Set up authentication credentials in remote Iceberg catalog
Catalog federation to a remote Iceberg catalog uses the OAuth2 credentials of the principal configured with metadata access. This authentication mechanism allows the AWS Glue Data Catalog to access the metadata of various objects (such as databases, and tables) within the remote catalogs, based on the privileges associated with the principal. To support proper functionality, you must grant the principal with the necessary permissions to read the metadata of these objects. Generate the CLIENT_ID and CLIENT_SECRET to enable OAuth based authentication for the integration principal.
Create AWS Glue catalog federation using connection to remote Iceberg catalog
Create a federated catalog in the Data Catalog that mirrors a catalog object in the remote Iceberg catalog server and is used by the AWS Glue service to federate metadata queries such as ListDatabases, ListTables, and GetTable to the remote catalog.

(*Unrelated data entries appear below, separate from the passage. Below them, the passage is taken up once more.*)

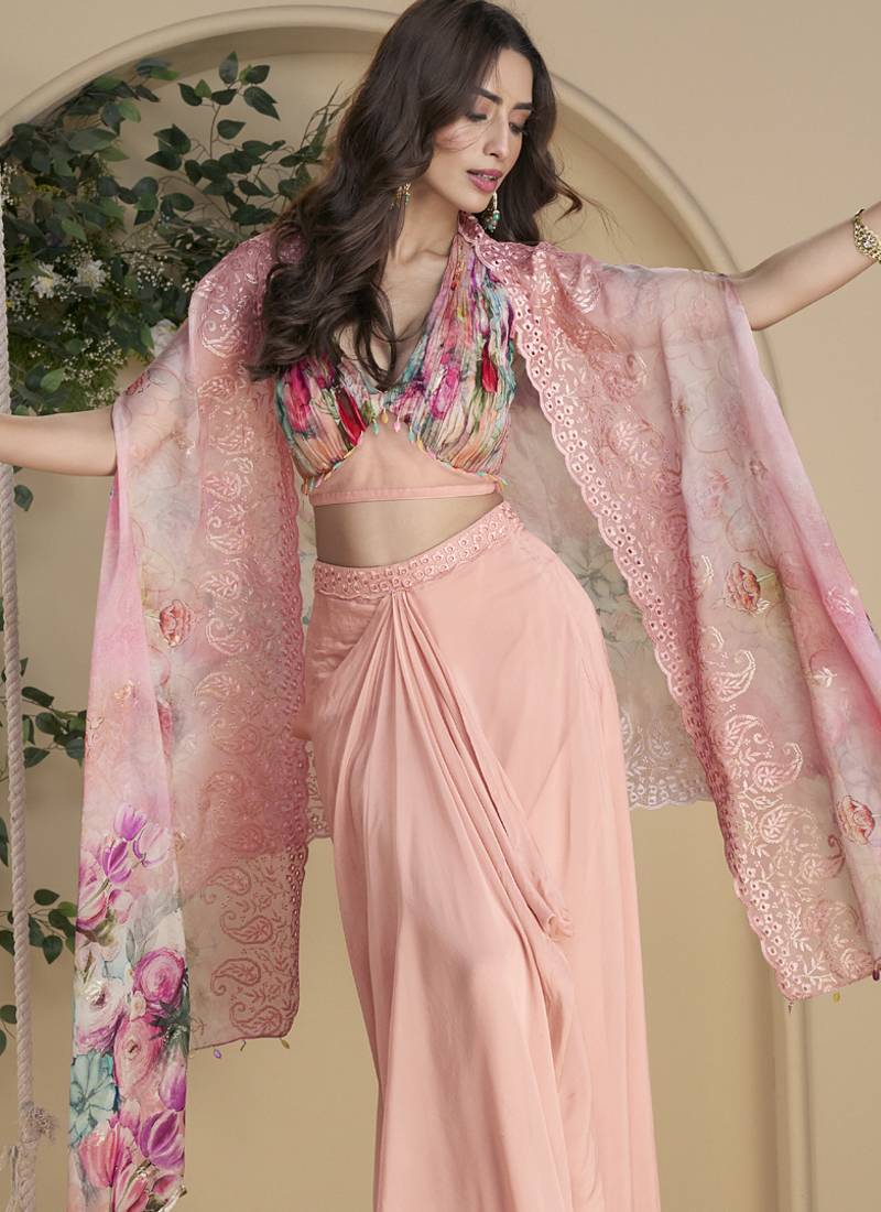Product Name | Peach Real Chinon Silk Embroidered Shrug Stytle Western Suit | |
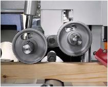 Taktovo riadené zrovnávanie na podporu manuálneho zrovnávania funguje tak, že vstupný podávací valec sa uvoľní potom ako druhý posuvný valec zachytí dielec. Po opustení druhého posuvného valca sa vstupný podávací valec dá do východiskovej polohy pre nasledujúci dielec.
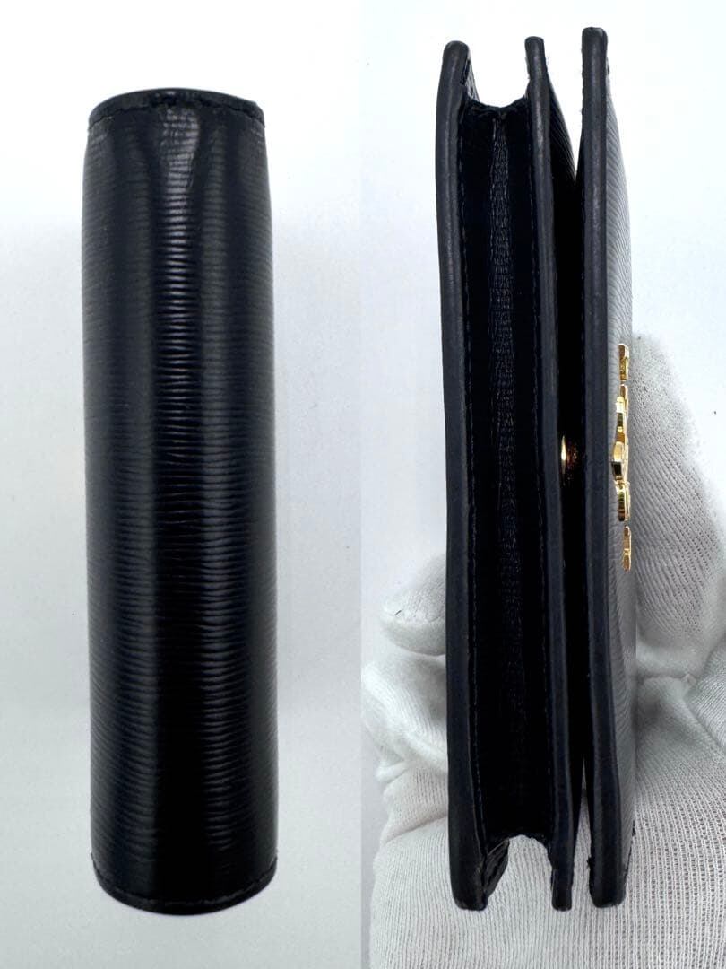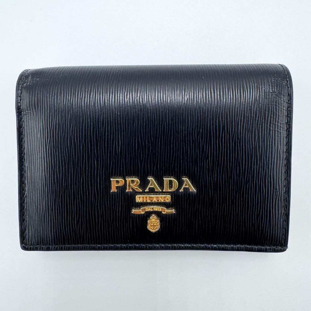 No.421 レア希少カラー☆美品☆PRADA プラダ サフィアーノ メタル 二つ折り財布 1MV021 ブラック×レッド コンパクトウォレット レディース
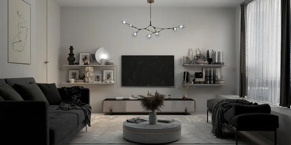 El espacio evoca una serenidad moderna, donde las líneas limpias y los tonos neutros se entrelazan con la luz suave. Un sofá gris oscuro se asienta en un suelo claro, mientras un arte minimalista adorna las paredes, creando un refugio de calma en la vorágine urbana.
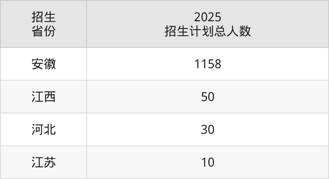 2025年滁州城市职业学院面向全国4个省市开展专科招生;招生专业共29个,招生人数共1248人。2025年在安徽省招生计划总人数是1158人,其中,滁州城市职业学院在安徽省招生人数最多的是药学。滁州城市职业学院在各省具体招生人数情况如下表。
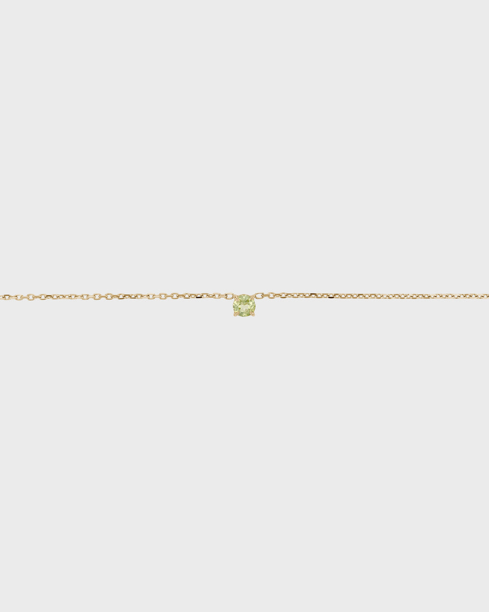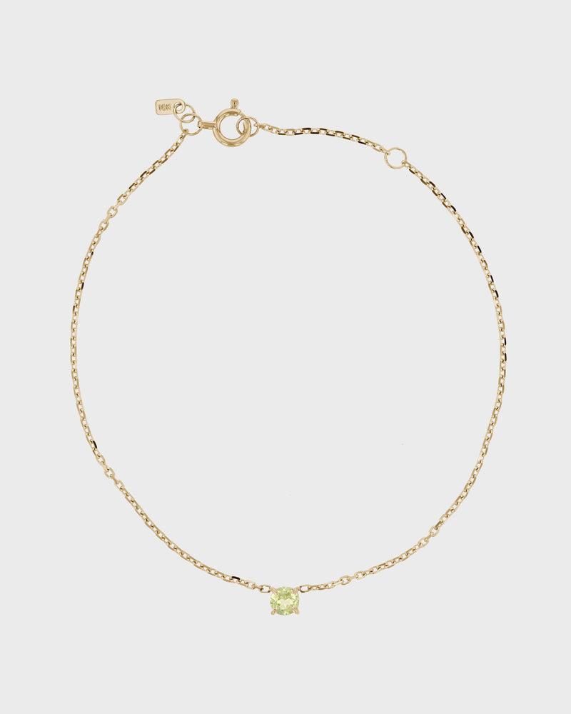 The Peridot Birthstone Bracelet is made in 18-karat gold and strung on our signature bold chain. Featuring precious gemstones corresponding to the month you were born. August's peridot has the symbolic meaning of wisdom & protection from evil.
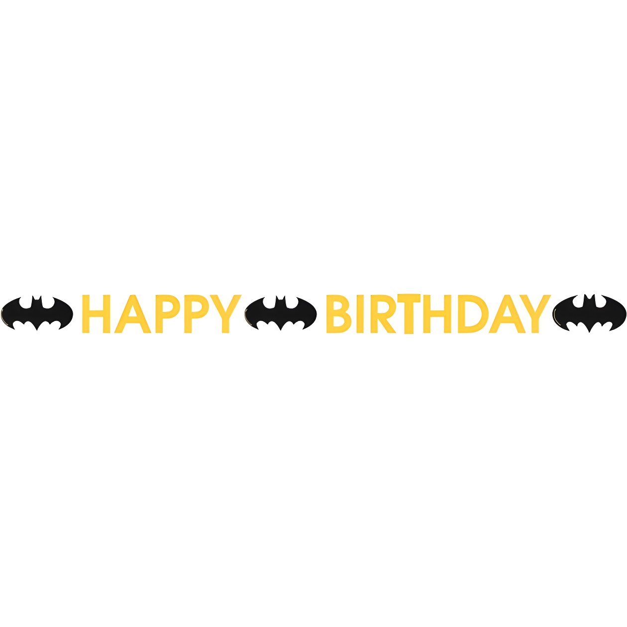 Banderín decorativo con la leyenda "HAPPY BIRTHDAY" y el icónico logo de Batman, pensado para ambientar cumpleaños infantiles.
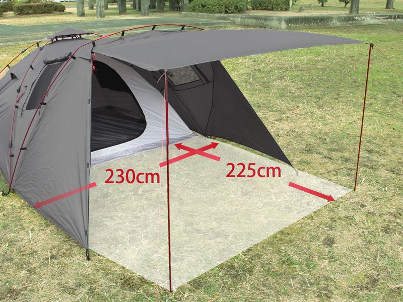 「ライダーズタンデムテント」は2~3人でゆったりくつろげる広さと日陰スペースまでを備えながら、ワンタッチ構造で初心者でも簡単に設営可能。
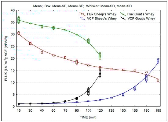 Figure 1 presents the evolution of the UF fluxes over time. The results are the average of two concentration trials. It is clear that higher filtration flux was obtained during the concentration of goat CW. In both cases, average fluxes are of the order of 30 and 20 Lm−2h−1, respectively for goat and sheep CW, which indicates the feasibility of the operation of ultrafiltration units in small-scale cheese plants, processing volumes of ca. 500–1000 L milk per day. The figure also presents the calculated evolution of the volumetric concentration factor during the concentration process. This information indicates that it is possible to concentrate whey to obtain high levels of protein and/or fat with the objective to obtain the desired levels of these nutritional components, namely protein, in the LWCs.

As data lake administrator, you can create a federated catalog in the Data Catalog using an AWS Glue connection object that is registered with AWS Lake Formation.
Configure data source connection for AWS Glue connection
Catalog federation uses an AWS Glue connection for metadata access when you provide authentication and Iceberg REST API endpoint configurations in the remote catalog. The AWS Glue connection supports OAuth2 or custom as the authentication method.

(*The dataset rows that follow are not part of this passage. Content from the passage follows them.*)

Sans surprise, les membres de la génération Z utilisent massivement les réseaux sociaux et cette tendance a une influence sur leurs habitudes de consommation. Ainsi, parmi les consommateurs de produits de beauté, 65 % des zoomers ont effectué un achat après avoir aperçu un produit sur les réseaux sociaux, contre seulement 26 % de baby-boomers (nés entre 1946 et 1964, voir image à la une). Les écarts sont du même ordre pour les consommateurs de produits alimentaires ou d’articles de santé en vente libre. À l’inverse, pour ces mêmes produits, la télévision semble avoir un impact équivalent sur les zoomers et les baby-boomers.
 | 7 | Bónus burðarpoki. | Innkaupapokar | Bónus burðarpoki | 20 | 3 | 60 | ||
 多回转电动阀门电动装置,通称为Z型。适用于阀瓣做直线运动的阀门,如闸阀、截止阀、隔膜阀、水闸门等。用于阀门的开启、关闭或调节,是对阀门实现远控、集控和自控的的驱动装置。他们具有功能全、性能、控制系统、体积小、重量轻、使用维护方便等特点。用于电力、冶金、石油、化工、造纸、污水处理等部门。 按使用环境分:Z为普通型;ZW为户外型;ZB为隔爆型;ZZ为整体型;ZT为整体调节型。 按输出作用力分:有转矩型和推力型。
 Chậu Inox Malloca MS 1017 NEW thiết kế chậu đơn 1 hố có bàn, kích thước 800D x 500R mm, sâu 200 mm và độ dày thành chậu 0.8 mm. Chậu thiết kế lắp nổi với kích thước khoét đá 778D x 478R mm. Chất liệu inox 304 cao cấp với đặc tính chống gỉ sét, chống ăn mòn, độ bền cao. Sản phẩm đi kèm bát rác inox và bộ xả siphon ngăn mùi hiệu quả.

Connect using OAuth2 authentication
For the OAuth2 authentication method, you can provide a client secret either directly as input or stored in AWS Secrets Manager and used by the AWS Glue connection object during authentication. AWS Glue internally manages the token refresh upon expiration. To store the client secret in Secrets manager, complete the following steps:
- On the Secrets Manager console, choose Secrets in the navigation pane.
- Choose Store a new secret.
- Choose Other type of secret, provide the key name as
USER_MANAGED_CLIENT_APPLICATION_CLIENT_SECRET, and enter the client secret value. - Choose Next and provide a name for the secret.

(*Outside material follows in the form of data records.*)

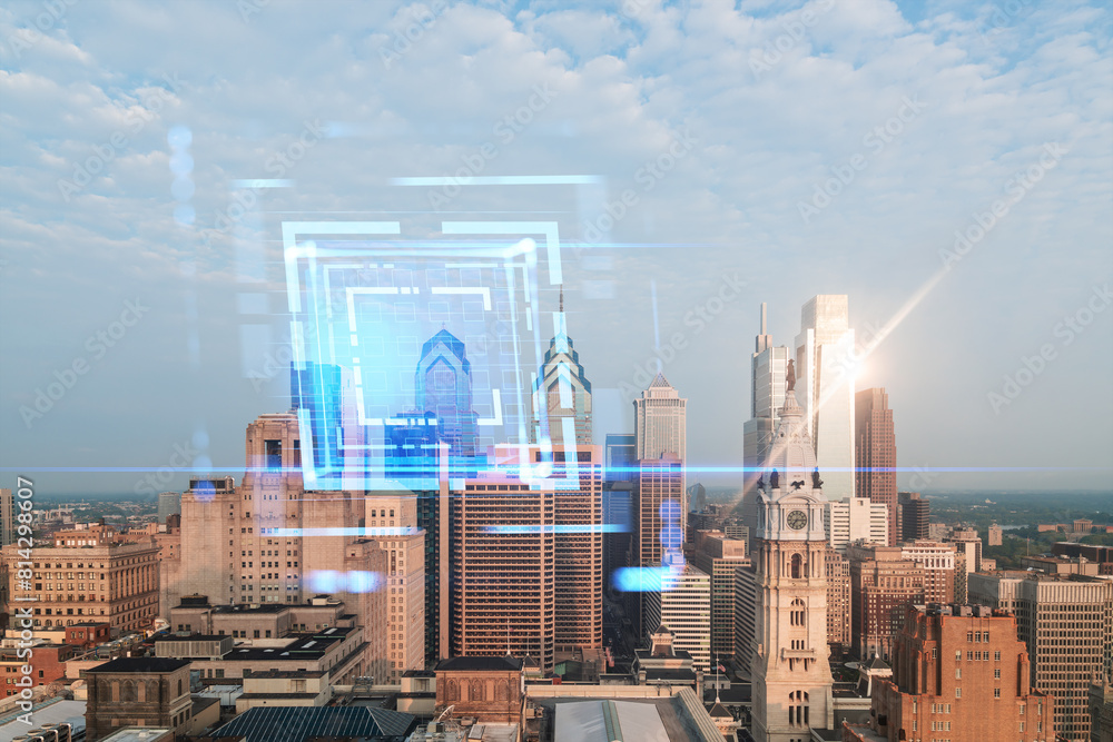 Philadelphia skyline with a digital hologram overlay, cityscape background, and light flare. Double exposure
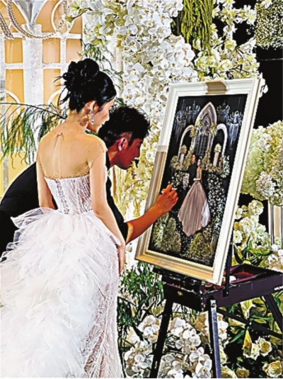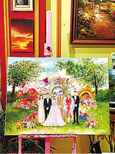 “完全是现场试水。”芳芳笑着说,“连新人都不知道我们要做什么。”没想到,这次尝试却收获了意外之喜,新人对最终作品十分满意,还支付了一笔在当时看来较为丰厚的费用。后来,小朱和芳芳将这个作品发布到社交平台上,陆续有客人前来咨询,两人从此开启了婚礼绘画师之路。
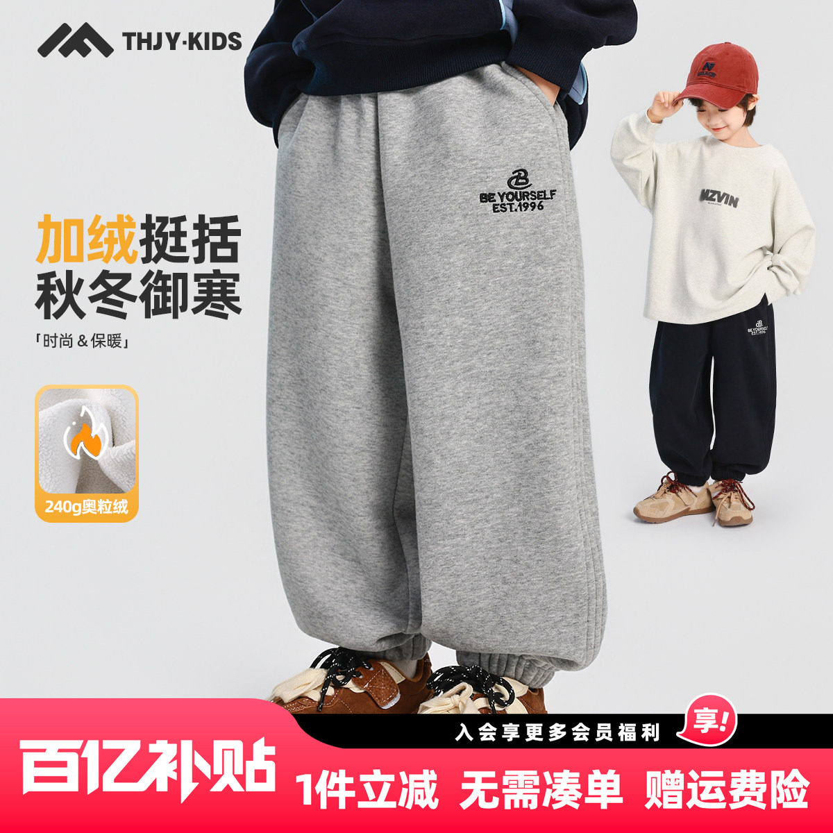 📚 男童加绒弯刀裤子运动裤卫裤2025秋冬新款儿童加绒加厚保暖休闲裤
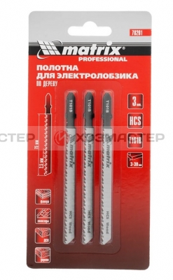 ПОЛОТНА Д/ЭЛ.ЛОБЗИКА ПО ДЕРЕВУ 75*2.5мм T101B (3шт) "MATRIX" 78201
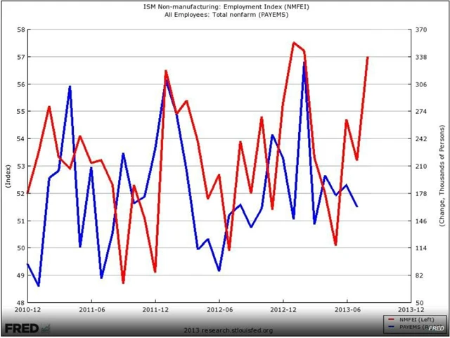 Hlavní ekonom Deutsche Bank Joe LaVorgna očekával přírůstek nových pracovních míst o 190 tisíc a pokles celkové míry nezaměstnanosti na 7,3 %. Analytici z Goldman Sachs byli optimističtější a předvídali, že ekonomika vytvořila 200 tisíc nových pracovních míst, zatímco míra nezaměstnanosti měla podle nich stagnovat na 7,4 %. Drew Matus, ekonom z UBS, po zveřejnění ISM v sektoru služeb upravil svůj předchozí odhad ze 170 tisíc na 210 tisíc. Stejně jako analytici z Goldman Sachs očekával, že míra nezaměstnanosti zůstane beze změny na 7,4 %. Největší býci však pracují v Société Générale - Brian Jones ze Société Générale čekal, že číslo přeskočí konsenzus trhu o 40 tisíc a vyskočí na 220 tisíc.
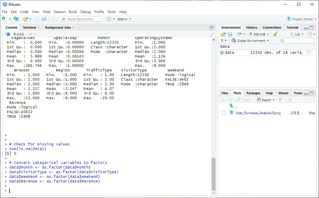 By following these steps, you have successfully analyzed factors influencing user purchases using the Online Shoppers Purchasing Intention Dataset. Woot, woot! You can celebrate. This tutorial not only demonstrated how to handle and clean data but also how to build a predictive model and create compelling visualizations in RStudio. These skills are crucial for any UX researcher aiming to leverage data to improve digital products. I hope that, as you went through this tutorial, you were envisioning how your own data would work in the real world.

- Choose Next and choose Store to save the secret.
Connect using custom authentication
For custom authentication, use Secrets Manager to store and retrieve the access token. This access token is created, refreshed, and managed by the customer’s application or system, providing proper control and management over the authentication process. To store the access token in Secrets Manager, complete the following steps:
- On the Secrets Manager console, choose Secrets in the navigation pane.
- Choose Store a new secret.
- Choose Other type of secret and provide the key name as
BEARER_TOKENwith the value noted as the access token of the integration principal. - Choose Next and provide a name for the secret.
- Choose Next and choose Store to save the secret.
Register AWS Glue connection with Lake Formation
Create an IAM role that Lake Formation can use to vend credentials and attach permission on S3 bucket prefixes where the Iceberg tables are stored. Optionally, if you’re using Secrets Manager to store the client secret or are using a network configuration, you can add permissions for those services to this role. For instruction, refer to Catalog federation to remote Iceberg catalogs.
Complete the following steps to register the connection:
- On the Lake Formation console, choose Catalogs in the navigation pane.
- Choose Create catalog and select the data source.
- Provide the federated catalog details:
- Name of the federated catalog.
- Catalog name in the remote catalog server and this needs to match the exact catalog name in remote catalog.
- Provide AWS Glue connection details. To reuse an existing connection, choose Select existing connection and choose the connection to reuse. For a first-time setup, choose Input new connection configuration and provide the following information:
- Provide the AWS Glue connection name.
- Provide the remote catalog Iceberg REST API endpoint.
- Specify the catalog object casing type. The connection can support uppercase objects through the object hierarchy or lowercase objects.
- Configure authentication parameters:
- For OAuth2: Provide the client ID and client secret directly or choose the secret where the client secret is stored, token authorization URL, and scope mapped to the credential.
- For custom: Provide the secret managed by Secrets Manager where the access token is stored.
- Network configuration: If you have a network and/or proxy setup, you can provide this information. Otherwise, leave this section as default.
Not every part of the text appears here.